LETTER: Under guise of protection, laws would strip seniors of power

To Ozaukee Press:

Sometimes, protection goes too far. That is what is happening in Wisconsin right now. Two bills in the Legislature that purport to protect seniors from financial abuse throw a competent person’s right to control their own finances under the bus and relieve financial institutions of all liability if they make errors. They are SB 428 (AB 482) and SB 429 (AB 481).

In broad brushstrokes, both of these bills allow banks and securities firms to delay or refuse transactions on a customer’s account if they suspect elder abuse. The devil is in the details.
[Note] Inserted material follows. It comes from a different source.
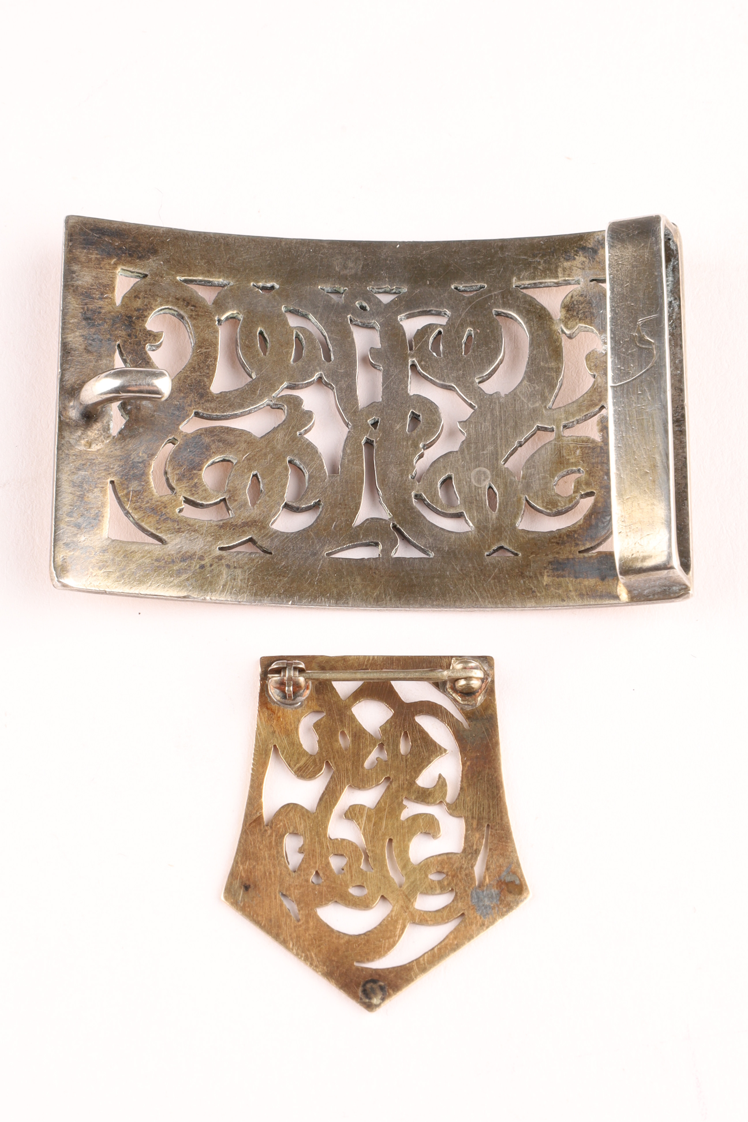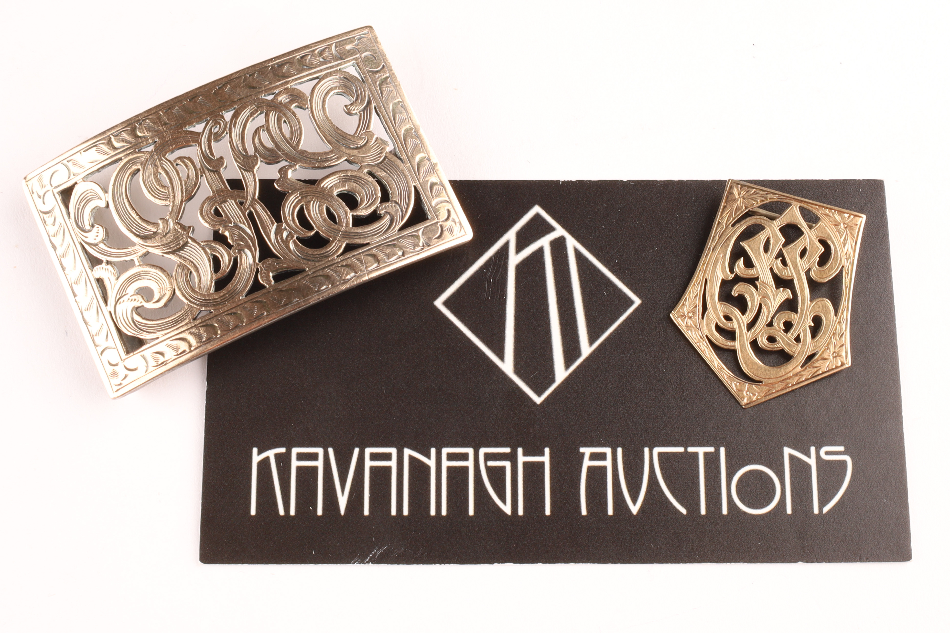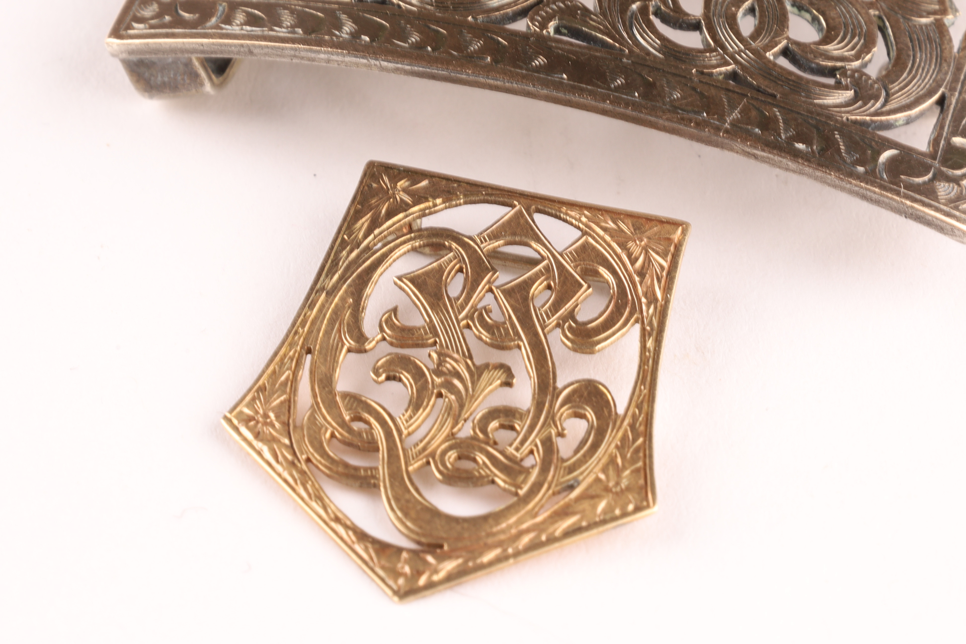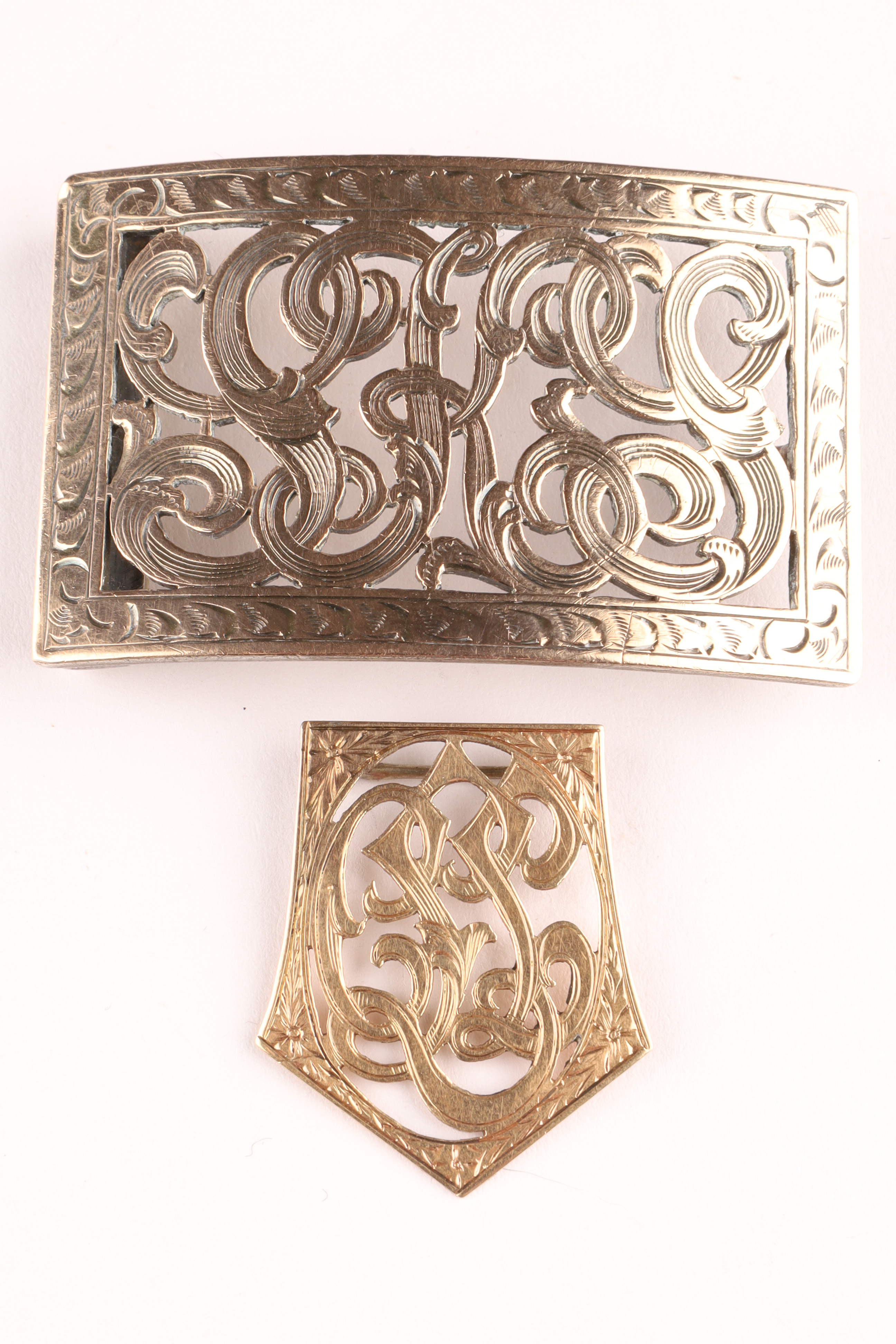 Lot Edwardian Monogram Gilt Silver and 9K Gold Brooches / Buckles

First, a “vulnerable adult” in both bills is defined as anyone who is 60 or older. I work with a lot of people who are in their 60s on issues like estate planning, guardianship of special needs children and elder law concerns regarding their parents. My husband is 62. I can tell you he is anything but vulnerable. Bill Gates is 64. Is he vulnerable? How about Oprah? She is 65.

If these pass, anyone who is 60 or older would face the possibility that at some point a bank could freeze for a period of time, or refuse, a legitimate transaction. The costs to you if it happens will not be trivial. You could face late fees, bounced check fees, service fees and legal expenses to get the matter unraveled. At the same time, the bank would be held harmless, even if it makes a mistake, as long as it acted in “good faith.”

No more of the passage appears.